Indian telecommunications company

Tulip Telecom Limited, was an IT Services Ltd.Indian telecommunications services provider.

== History ==
The company was started by Lt Col Hardeep Singh Bedi an ex-army man. After serving the Indian army for 22 years, Lt Col HS Bedi took voluntary retirement and founded his company Tulip IT Services, then Tulip Software Pvt Ltd, in 1994 and today it is known as Tulip Telecom Ltd.

Tulip Telecom Ltd has three main line of business, data connectivity, Managed Services and data centres. Realizing the very wide spread of the country and the inability of copper to be used as a medium for connectivity, Tulip focussed on using wireless for the last mile.

The company leases Inter-city Fibre from most telcos in India and uses wireless and fibre for the last mile. Today Tulip covers over 3000 cities / towns on its network. Its fibre network reaches almost every major building in the metros.

Frost and Sullivan has recognized it as being the largest player in the MPLS VPN market with a share of almost 34%. It provides Internet, VPN and international data connectivity.

==Business strategy==
Tulip focuses on the three needs of its enterprise customers, Data Connectivity, managed services and data centres.

== Data centre ==
The company has set up the world's third largest data centre in Whitefield, Bengaluru. Built to LEED Gold standards, it is designed to be a true Tier 4 Data centre. It achieves a very low PUE.

The company's customers includes AT&T, Orange Business Services, IBM, HP and UIDAI.
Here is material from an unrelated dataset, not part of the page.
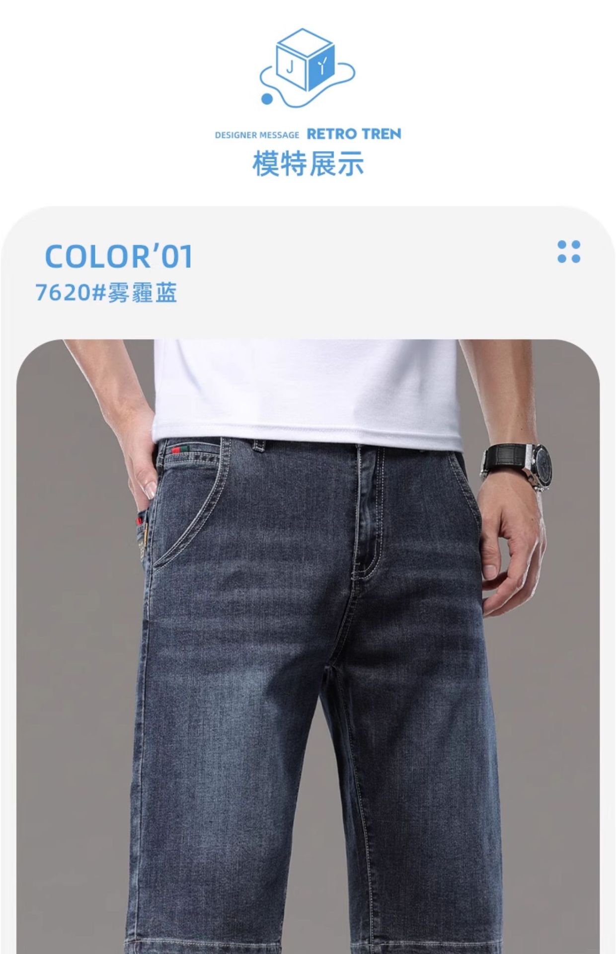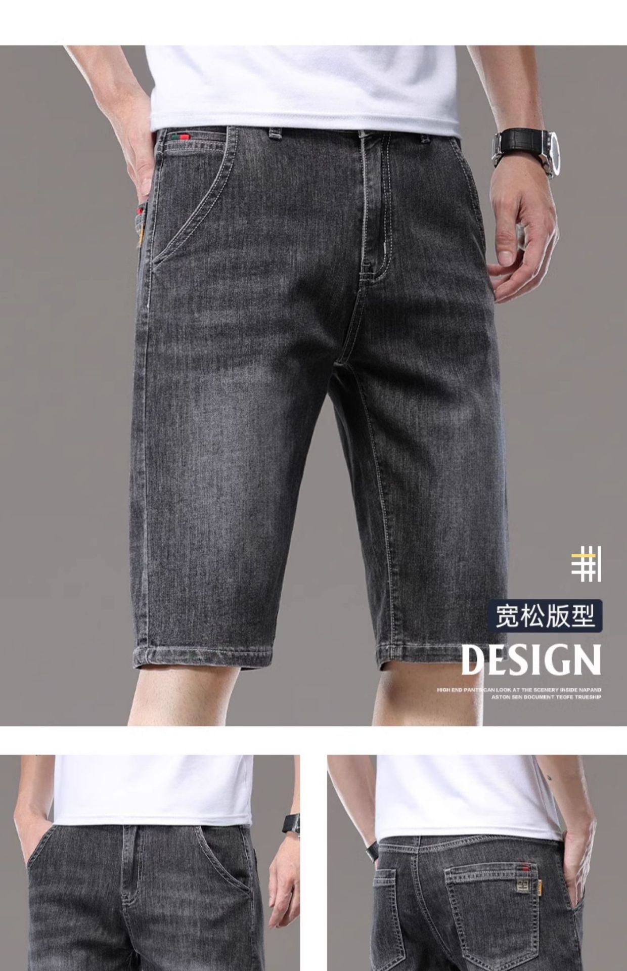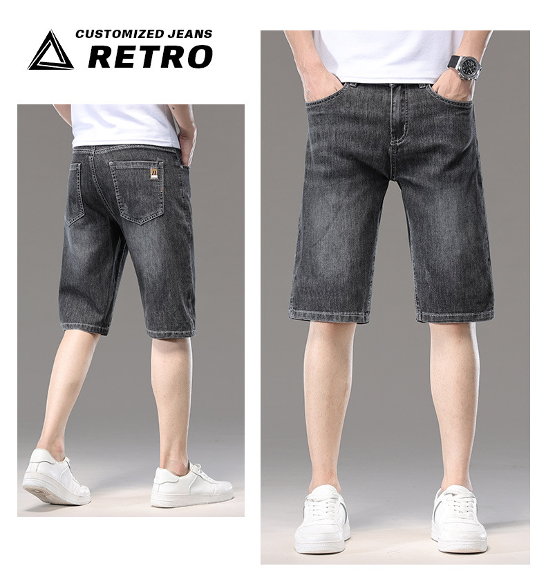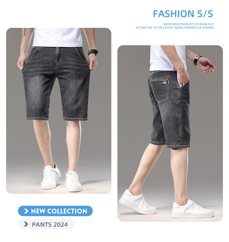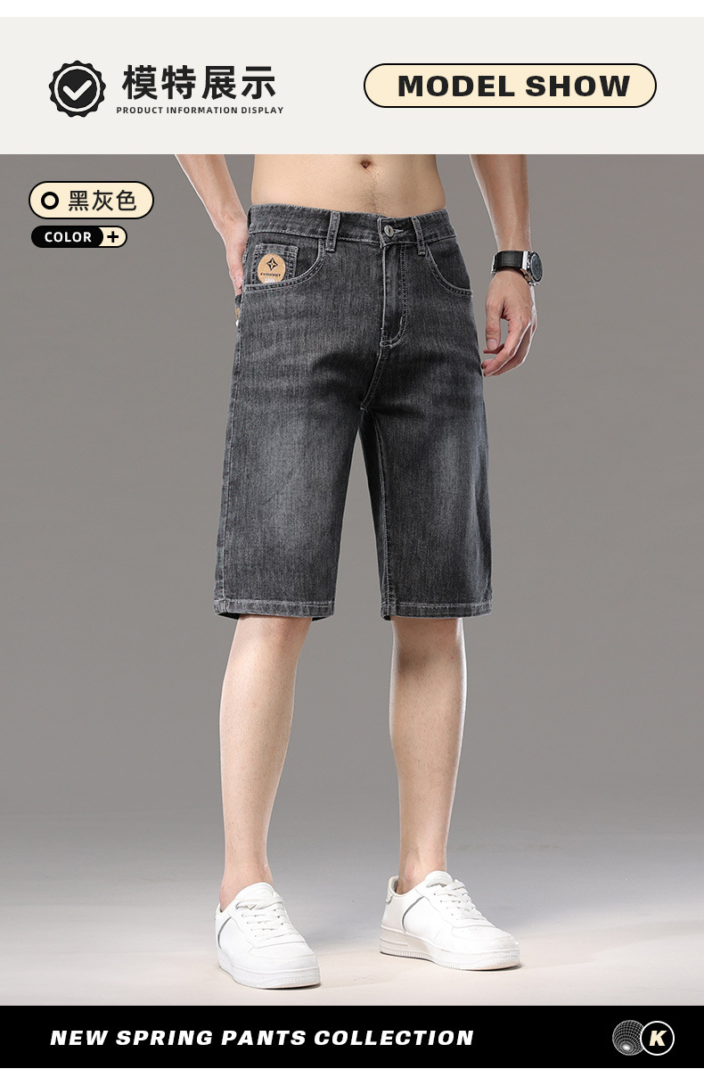 광저우 신탕 아이스 실크 데님 반바지 남자 여름 얇은 5 점 바지 외부 착용 남자 느슨한 7 점 바지스토어 가기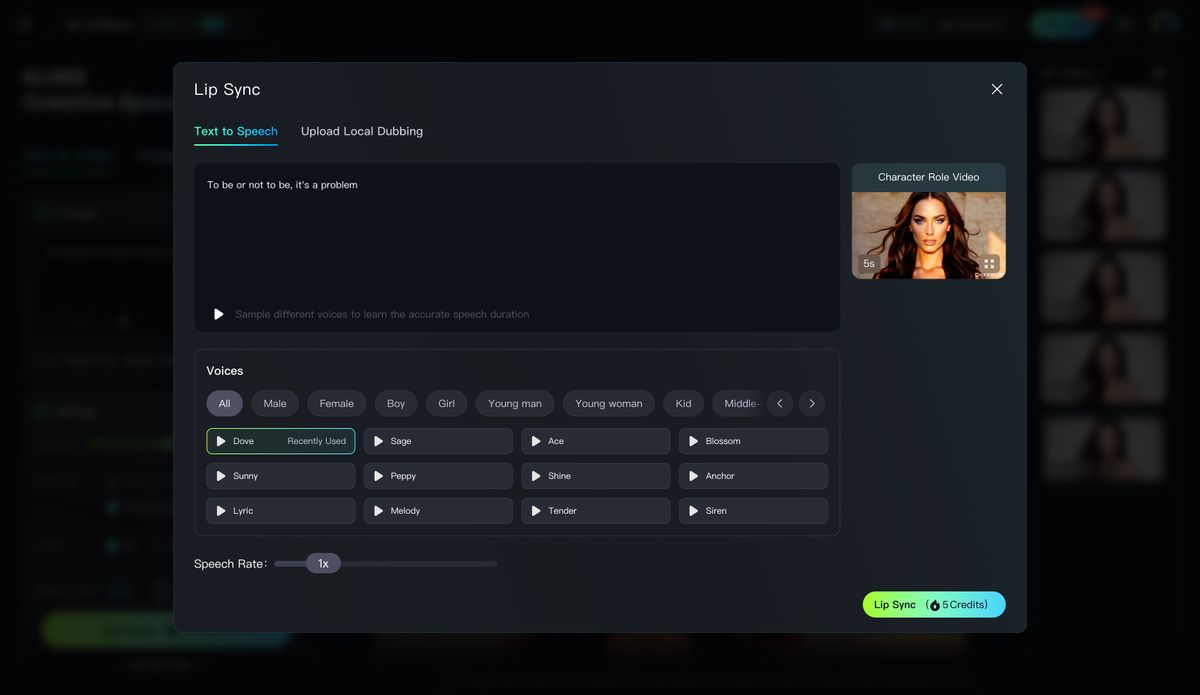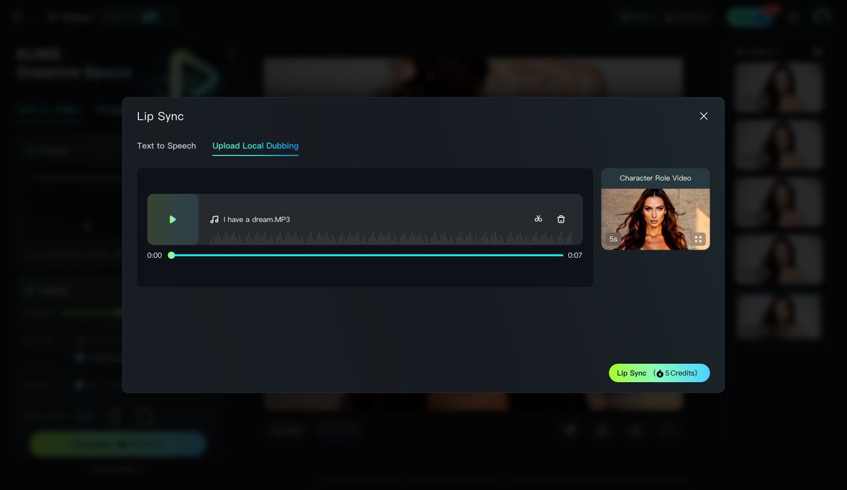 The "Lip Sync" feature allows you to upload local voiceover/singing files, or generate one through "Text to Speech" for the character videos generated in Kling AI. It synchronizes your characters’ lip movements perfectly with the audio, making them appear as if they're really speaking or singing, making your video even more lively!

This is Tulip's fifth data centre in the country, which will increases the combined space under its data centres to approximately 10 lakh square feet. Tulip already has one data centre each in Delhi and Bengaluru and two in Mumbai.

== FCCBs ==

Tulip had in 2012 Bonds of FCCB due with a face value of $100 m for 150m due, along with premium. It had arranged fresh bonds and debt but due to a freak trade and circumstances beyond its control, the bonds could not be redeemed in time and the company went into default. A Provisional liquidator was appointed by the Delhi High Court. The Winding up has been stayed by the Honourable Division bench of Delhi High Court on the grounds that this is a core infrastructure company.

The Banks appointed top global auditors and the assets of the company were valued by them at Rs 3000 Cr.

The company is now in the process of restructuring its debt and business.